This transforms a trigonometric integral into a algebraic integral, which may be easier to integrate.

For example, if the integrand is 1/(1 + sin x ) then

\begin{matrix}
\int_0^{\pi/2} \frac{dx}{1 + \sin x} 
& = & \int_0^1 \frac{2dt}{(1+t)^2} \\
& = & \left[ -\frac{2}{1+t} \right]_0^1 \\
& = & 1 \\
\end{matrix}

This method can be used to further simplify trigonometric integrals produced by the changes of variables described earlier.

For example, if we are considering the integral

I = \int_{-1}^1 \frac{\sqrt{1-x^2}}{1+x^2} dx

we can first use the substition x= sin θ, which gives

I = \int_{-\pi/2}^{\pi/2} \frac{ \cos^2 \theta}{1+ \sin^2 \theta} d\theta

then use the tan-half-angle substition to obtain

I = \int_{-1}^1 \frac{(1-t^2)^2}{1+6t^2+t^4}\frac{2dt}{1+t^2}

In effect, we've removed the square root from the original integrand. We could do this with a single change of variables, but doing it in two steps gives us the opportunity of doing the trigonometric integral another way.

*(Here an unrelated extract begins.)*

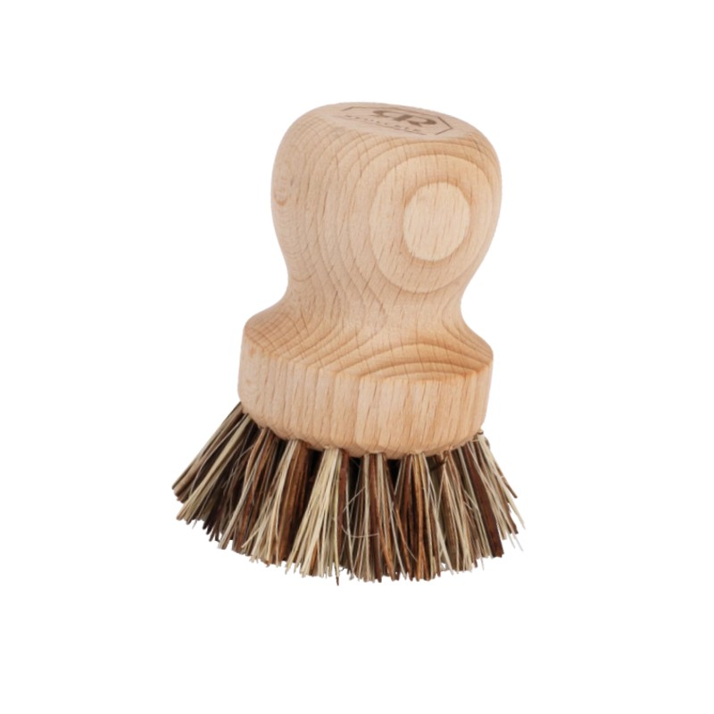 En grytborste som effektivt skrubbar bort smuts och matrester tack vare de hårda stråna av växtfiberblandning.

Having done this, we can split the new integrand into partial fractions, and integrate.

\begin{matrix}
I & = & \int_{-1}^1 \frac{2-\sqrt{2}}{t^2+3-\sqrt{8}}dt 
+ \int_{-1}^1 \frac{2+\sqrt{2}}{t^2+3+\sqrt{8}}dt 
- \int_{-1}^1 \frac{2}{1+t^2}dt \\
& = &\frac{4-\sqrt{8}}{\sqrt{3-\sqrt{8}}} \tan^{-1} (\sqrt{3+\sqrt{8}})
+ \frac{4+\sqrt{8}}{\sqrt{3+\sqrt{8}}} \tan^{-1}(\sqrt{3-\sqrt{8}})
- \pi \\ \end{matrix}

This result can be further simplified by use of the identities

 3 \pm \sqrt{8}= \left( \sqrt{2} \pm 1 \right)^2 \quad 
\tan  \left( \sqrt{2} \pm 1 \right) = 
\left( \frac{1}{4} \pm \frac{1}{8} \right)\pi

ultimately leading to

I=(\sqrt{2}-1)\pi \,

In principle, this approach will work with any integrand which is the square root of a quadratic multiplied by the ratio of two polynomials. However, it should not be applied automatically.

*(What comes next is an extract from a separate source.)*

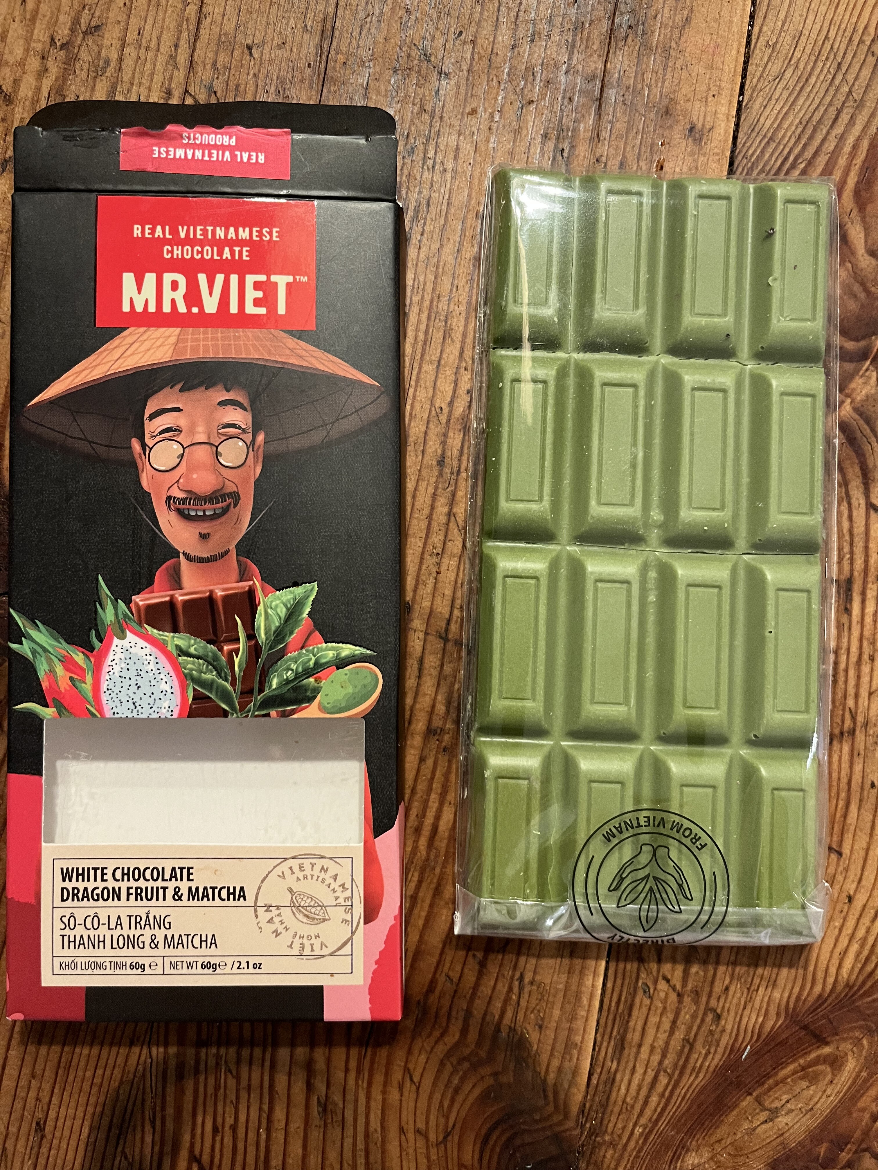 写ってないんですがこの抹茶味のチョコの反対側にドラゴンフルーツの果肉がびっしりこびりついてておいしかったです

E.g, in this last example, once we deduced

I = \int_{-\pi/2}^{\pi/2} \frac{ \cos^2 \theta}{1+ \sin^2 \theta} d\theta

we could have used the double angle formulae, since this contains only even powers of cos and sin. Doing that gives

I = \int_{-\pi/2}^{\pi/2} \frac{1+\cos 2\theta}{3 - \cos 2\theta} d\theta
= \frac{1}{2} \int_{-\pi}^\pi  \frac{1+\cos \phi}{3 - \cos \phi} d\phi

Using tan-half-angle on this new, simpler, integrand gives

\begin{matrix}
I & = & \int_{-\infty}^\infty \frac{1}{1+2t^2} \frac{dt}{1+t^2} \\
&= & \int_{-\infty}^\infty \frac{2dt}{1+2t^2} 
- \int_{-\infty}^\infty \frac{dt}{1+t^2} 
\end{matrix}

This can be integrated on sight to give

I = \frac{4}{\sqrt{2}}\frac{\pi}{2}-2\frac{\pi}{2} = 
(\sqrt{2}-1) \pi

This is the same result as before, but obtained with less algebra, which shows why it is best to look for the most straightforward methods at every stage.

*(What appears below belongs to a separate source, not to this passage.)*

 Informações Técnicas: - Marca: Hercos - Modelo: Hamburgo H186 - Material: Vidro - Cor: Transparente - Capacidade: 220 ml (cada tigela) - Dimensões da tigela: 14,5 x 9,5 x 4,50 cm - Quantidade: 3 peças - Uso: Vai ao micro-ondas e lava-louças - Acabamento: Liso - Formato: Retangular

A more direct way of evaluating the integral I is to substitute t = tan θ right from the start, which will directly bring us to the line

I = \int_{-\infty}^\infty \frac{1}{1+2t^2} \frac{dt}{1+t^2}

above. More generally, the substitution t = tan x gives us

\sin x =\frac{t}{\sqrt{1+t^2}} \quad \cos x = \frac{1}{\sqrt{1+t^2}} \quad
dx=\frac{dt}{1+t^2}

so this substitution is the preferable one to use if the integrand is such that all the square roots would disappear after substitution, as is the case in the above integral.

Alternate Method

In general, to evaluate integrals of the form

\int \frac{A + B \cos x + C \sin x}{a + b \cos x + c \sin x} \, dx,

it is extremely tedious to use the aforementioned "tan half angle" substitution directly, as one easily ends up with a rational function with a 4th degree denominator. Instead, we may first write the numerator as

A + B \cos x + C \sin x \equiv p (a + b \cos x + c \sin x) + q \frac{d}{dx} (a + b \cos x + c \sin x) + r.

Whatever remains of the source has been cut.